No telescope: telescopes are for globular clusters and double stars and stuff like that.
If you can set it up to take pictures for you while you look at the eclipse naked eye, that would be best.
And you really must know your telescope well so that you can do this by muscle memory. You do not want to miss the experience of a total eclipse while fussing with your telescope.
I am taking a 4-inch sun filter.
Explore Scientific Sun Catchers.png
Clear Skies!
MIke M.
Mostly concur.
However, as your transport appears to be not budgetary, and your mobile home truly mobile and likely not your primary domicile, you probably have something with a good drive on it. If it can be set to follow the Sun, and you have time to buy or make a projection box, yes, visually enjoy that, I have twice with a 99% eclipse and a 95% eclipse (didn't want to go to Cornwall for the former, and it rained there anyway, well, duh).
Look up the duration of full totallity, of course never look at the Sun directly without full protection, but you want to see totality without fathing with kit, you want to enjoy the birds going quiet and the stillness, the encroaching dark, the sudden temperature drop, maybe be even one of those looking ones to see the atmopheric gravity wave band things coming towards you on the ground (site dependent), all in what may only be a few minutes.
You may also, which in your country is a possibility, have to jump into your vehicle and drive a couple of hours prior to the eclipse to a non-cloudy site, as informed by your device, with no ticket for speeding and no time wasted chucking expensive kit in the your overgrown caravan, with aircon now less by the looks!
A few minutes of totality, full diamond ring effect lasting seconds, Bailey's Beads not lasting long, etc, etc. You don't want to be messing about.
Get your smartphone on a stand, your video camera on a stand, setting 'em up and pointed in the right direction, you want to watch the eclipse, batteries charged, exposure times on automatic if you're afraid of burnout, not like folk nowadays who stare at things via on lcd via their smartphone, which you can do from home on livestream, put the phone down and look at the bloody thing! Through appropriate and fully protective glasses of course!!!
You've probably left it a bit late to organise properly/fully.
But remember even if you have learnt to setup and use kit really fast it ain't necessarily true at an unfamiliar remote site. Even if you have it all fine, some overgrown idiot may likely stand in front of you unless you've rented half the state for your exclusive use. Or maybe wanna look through your kit if you have a filtered setup, which they can't do of course if a camera is attached to the eyepiece end. he he.
Dunno why folk are so fascinated with taking piccies of stuff. We've got folk here whining because some idiot cut down some tree somewhere, an invasive non-native species to boot, because it was all photogenic like.

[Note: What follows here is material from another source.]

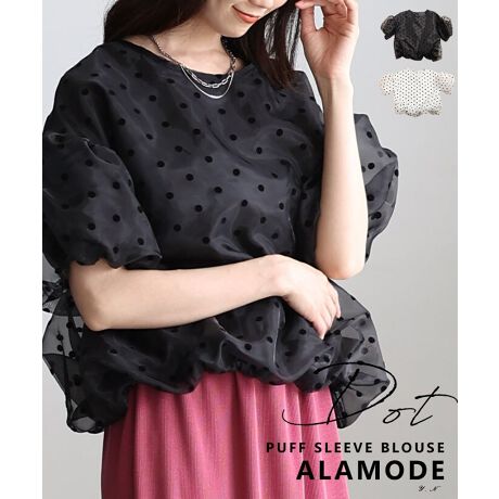 ドット柄のオーガンジーが軽やかに映えるパフスリーブブラウス。ふんわりとした袖と裾のバルーンシルエットで、やわらかな立体感を演出します。透け感のある素材で抜けも生まれ、着るだけで華やぐ一枚です☆

Yeah, get over it, worry about why so many food banks are needed in a purportedly wealthy country instead.
Enjoy the sky while it is still free, and I don't mean monetarily free, whilst you're still allowed to look at it and afore you end up having science banned as an offence against some deities or other.
But most of all, take care of your eyeballs, everything else is tertiary, not even secondary.